For example, the instructions, when executed by the processor, may cause the electronic device to receive an input for obtaining the preview image, while displaying the preview image based on the first image frames obtained using the first camera. The instructions, when executed by the processor, may cause the electronic device to obtain at least portion of the first image frames corresponding to the preview image and at least portion of the second image frames in conjunction with the at least portion of the first image frames, based on the input. The instructions, when executed by the processor, may cause the electronic device to store the at least portion of the second image frames with metadata related to the at least portion of the first image frames.

For example, the instructions, when executed by the processor, may cause the electronic device to display the at least one of the first image frames. The instructions, when executed by the processor, may cause the electronic device to receive another input for the object included in the at least one of the first image frames. The instructions, when executed by the processor, may cause the electronic device to display the at least one of the second image frames including the object having size larger than size of the object included in the at least one of the first image frame, based on the metadata related to the at least one of the first image frames.

As described above, according to an embodiment, a method of an electronic device including a plurality of cameras including a first camera and a second camera facing in a same direction as the first camera, and a display may comprise displaying, on the display, a preview image, based on first image frames obtained using the first camera from among the plurality of cameras. The method may comprise, while displaying the preview image based on the first image frames obtained using the first camera from among the plurality of cameras, obtaining second image frames using the second camera, based at least in part on determining that a portion of the first image frames includes an object to be recognized. The method may comprise, based at least in part on determining that a portion of the first image frames includes an object to be recognized, executing a recognition function based on second image frames obtained using the second camera while displaying the preview image on the display.

For example, the method may comprise obtaining, using a sensor facing a same direction as the first camera and the second camera, information regarding a distance from the object viewed in the preview image being displayed on the display. The method may comprise determining, based at least in part on the distance, changing the first camera set as a camera for the recognition function of the object to the second camera. The method may comprise, based on the determination, obtaining the second image frames using the second camera.

For example, the first camera may correspond to a telephoto camera supporting a first magnification. The second camera may correspond to a telephoto camera supporting a second magnification higher than the first magnification. The method may comprise selecting, by using reference data regarding relation between candidate distances and magnifications available through the plurality of cameras, the second magnification related to a candidate distance corresponding to the distance. The method may comprise changing the first camera to the second camera supporting the second magnification.

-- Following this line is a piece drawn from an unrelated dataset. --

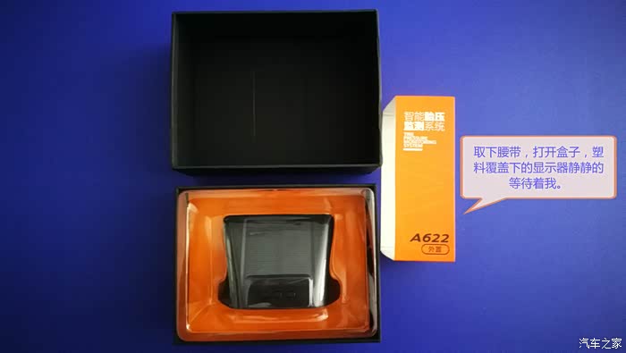 黑色硬纸盒,海绵泡沫包裹传感器,硬塑料固定显示器,盒子不大,包裹不大,简约不简单。

The method may comprise executing the recognition function based on the second image frames, when obtaining the first image frames including the object using the first camera, based on a position of the object maintained in the at least portion of the second image frames. The method may comprise at least temporarily ceasing obtaining the second image frames using the second camera, when obtaining the first image frames that do not include the object using the first camera.

For example, the first camera may correspond to a wide-angle camera. The second camera may correspond to a telephoto camera having a narrower field of view than the wide-angle camera. The recognition function is executed to recognize a quick response (QR) code based on the second image frames obtained using the telephoto camera while the wide-angle camera is used to obtain the first image frames for display the preview image. The method comprise displaying a visual object in relation to a portion of the preview image corresponding to the QR code, based on execution of the recognition function of the object corresponding to a QR code.

For example, the method may comprise displaying, with the visual object, an executable object for executing a function corresponding to the object. The visual object may be displayed along a periphery of the object located in the portion of the preview image.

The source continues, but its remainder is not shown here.